The brutal 20th Century with its two major World Wars, endless other wars and the massacre of hundreds of millions of people by Hitler, Stalin, Mao Zedong, Pol Pot, Idi Amin, etc. etc. will undoubtedly be seen as the decline. In fact, the progressive disintegration began with the government sabotage of the gold standard and replacement with fiat currency early in the 20th Century to finance the first of many wars (paper is cheaper than gold.) In fact, Robert Daryl Schoon conjectures that, “The Wizard of Oz” published in 1900 reflects the debate about the coinage of gold and silver (see NOTES.) The final step, as mentioned previously, was Nixon ending the convertibility of paper money to gold.
Now, under Obama’s multi-trillion dollar stimulus packages, monetary debasement has entered previously unimaginable levels that will soon destroy both the currency and the economic system that has allowed the government and banksters to prey on the people. Filling the vacuum will be Asia where financial centers are springing up to replace disintegrating Western finance. And life will go on and generations of people will continue to fall in love, get married, have children, be born and die. New roads and buildings will still be built in the West but the rate of construction and maintenance won’t keep pace with disintegration and Postal Service will have stopped on Saturdays.
The 5 stages of collapse
Taken from Dimitry Orlov’s articles, based on his observations during the collapse of the Soviet Union and living in America, the stages of collapse are:
4) Social & cultural
These are overlapping stages and not necessarily sequential steps. In other words we can and will be in more than one stage at a time. We do NOT have to go through all five stages and end in chaos. However, given the refusal of the G-20 (above) to recognize the fundamental problems and the abject economic ignorance of President Obama and his team of lightweights dragging the world down with them, there is no doubt we are now heading to stage 4. The stages are described in greater detail below.
1) Financial: this is already ancient history. Most of the world’s financial systems are dead, insolvent and broken beyond repair. The only two exceptions so far are Canada and Australia. So far. And, that could change as the rest of the globe goes down the toilet. Governments world-wide have thrown trillions of dollars the last two years at the dead carcass of their financial systems to no avail. Credit is still frozen. Banks still aren’t lending to the degree necessary to prevent further economic collapse. Fewer buyers of government debt means that Governments must monetize their debts. In March, the U.S. Fed announced it would buy $300 billion Treasury Bonds. Think about it: the government is buying its own bonds because it can’t find enough buyers. We are well beyond this stage of collapse.

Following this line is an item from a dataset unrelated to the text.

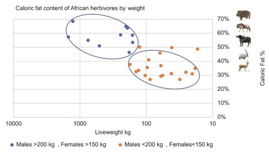 Pitts and Bullard [30] were the first to find that larger mammals contain relatively more fat than smaller animals. Our analysis of a dataset of 257 animals from 19 African herbivore species [31] confirmed this phenomenon in Table 1 and Figure 4.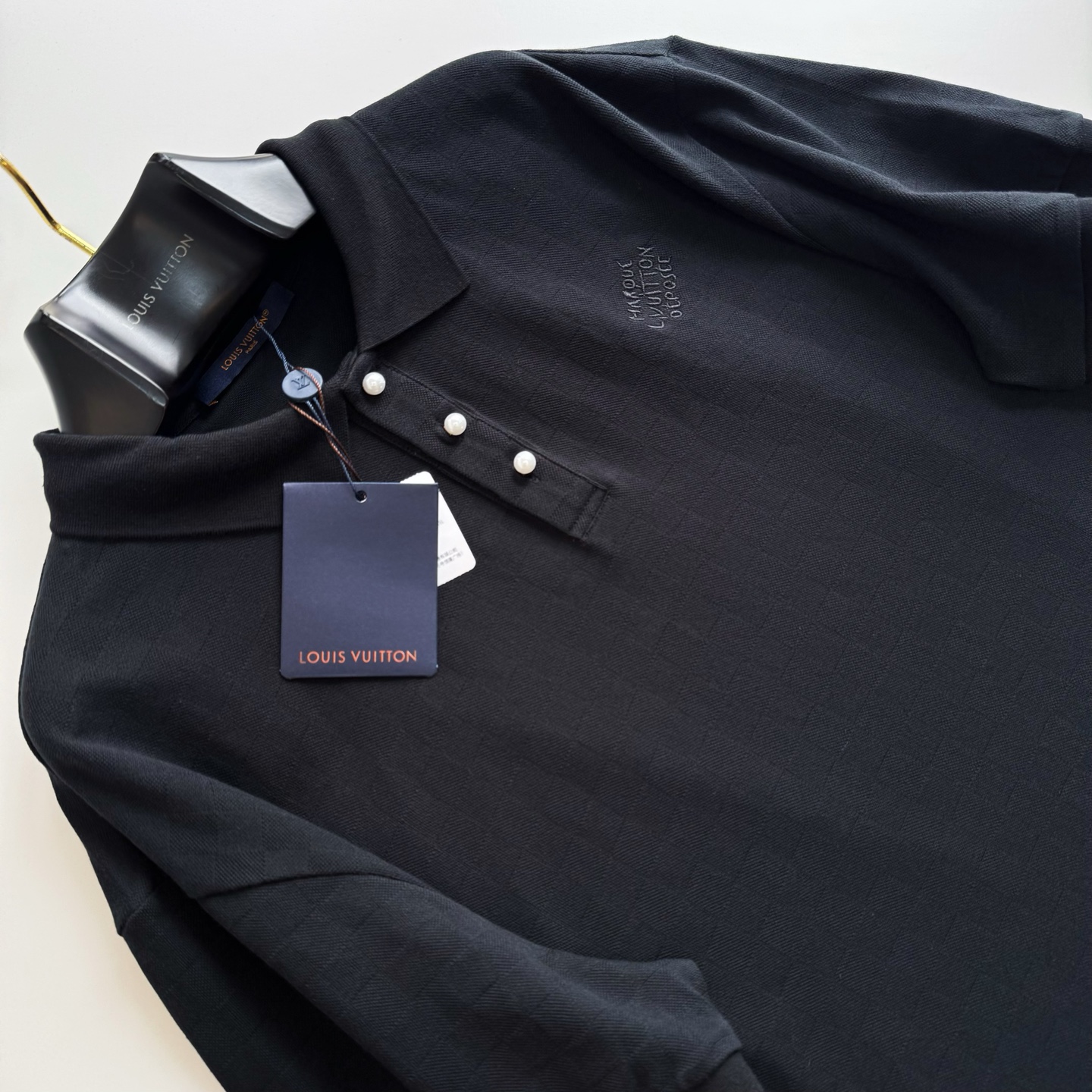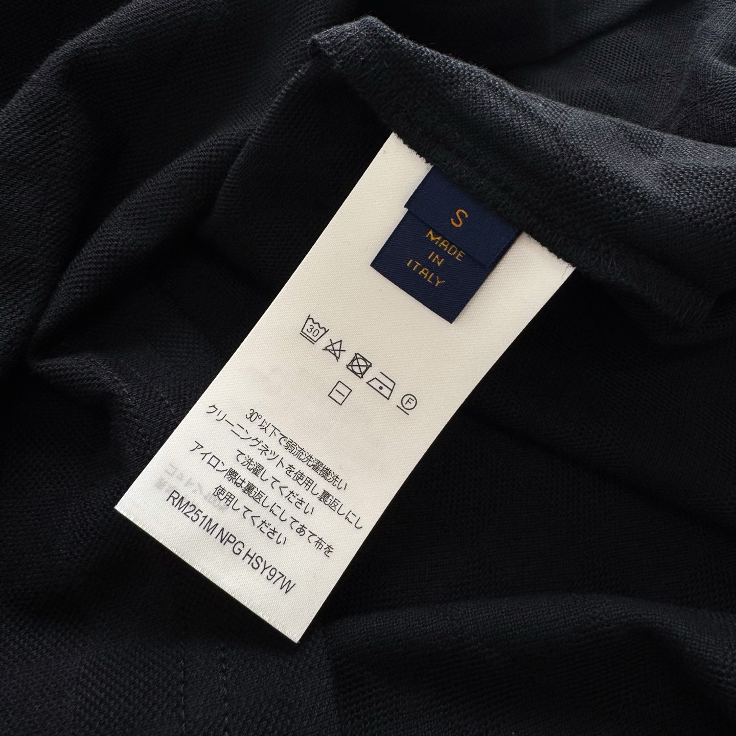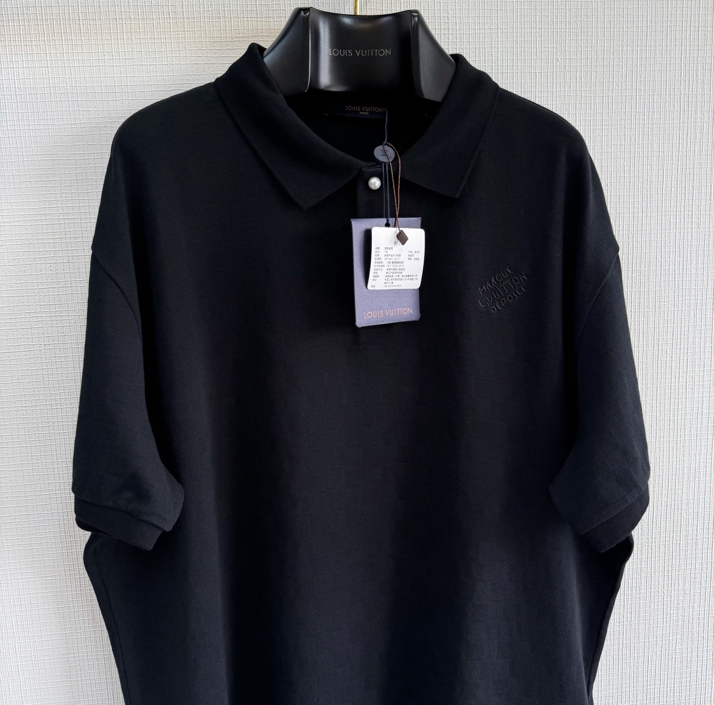 1v 25ss新色 Damier 提花Polo衫 80s双股全提花定织面料,纱线采用环锭纺丝光烧毛棉 两根双股纱线并织,18针单面提花机织造胚布,打版放匹样测试花型缩率,确保大货洗水定型后花型完全对版,前幅采用日本进口田岛绣花机刺绣,棉质绣花线平绣堆线绣法,字母立体饱满,全件定位对花缝纫工艺,对花剪裁,成衣棋盘格呈现整齐排序,size:xs/s/m/l

2) Economic: modern credit-based economic systems depend of the financial system to function. Finance is the “life-blood” of our economies. Unemployment is increasing every month. Companies are slashing workers. More job losses = less spending = less business = more job losses in a never-ending downward spiral.
Black markets spring up as a result of price controls. Nobody sells at the official price because it’s below cost. A black market has already developed in gold. Governments try to suppress the price of gold because gold measures the health of a currency. Try buying gold at the “official” price. You’ll get excuses rather than delivery. Offer 35% over the “official” price and suddenly it’s available. That’s the definition of a black market and a sign of economic and political collapse.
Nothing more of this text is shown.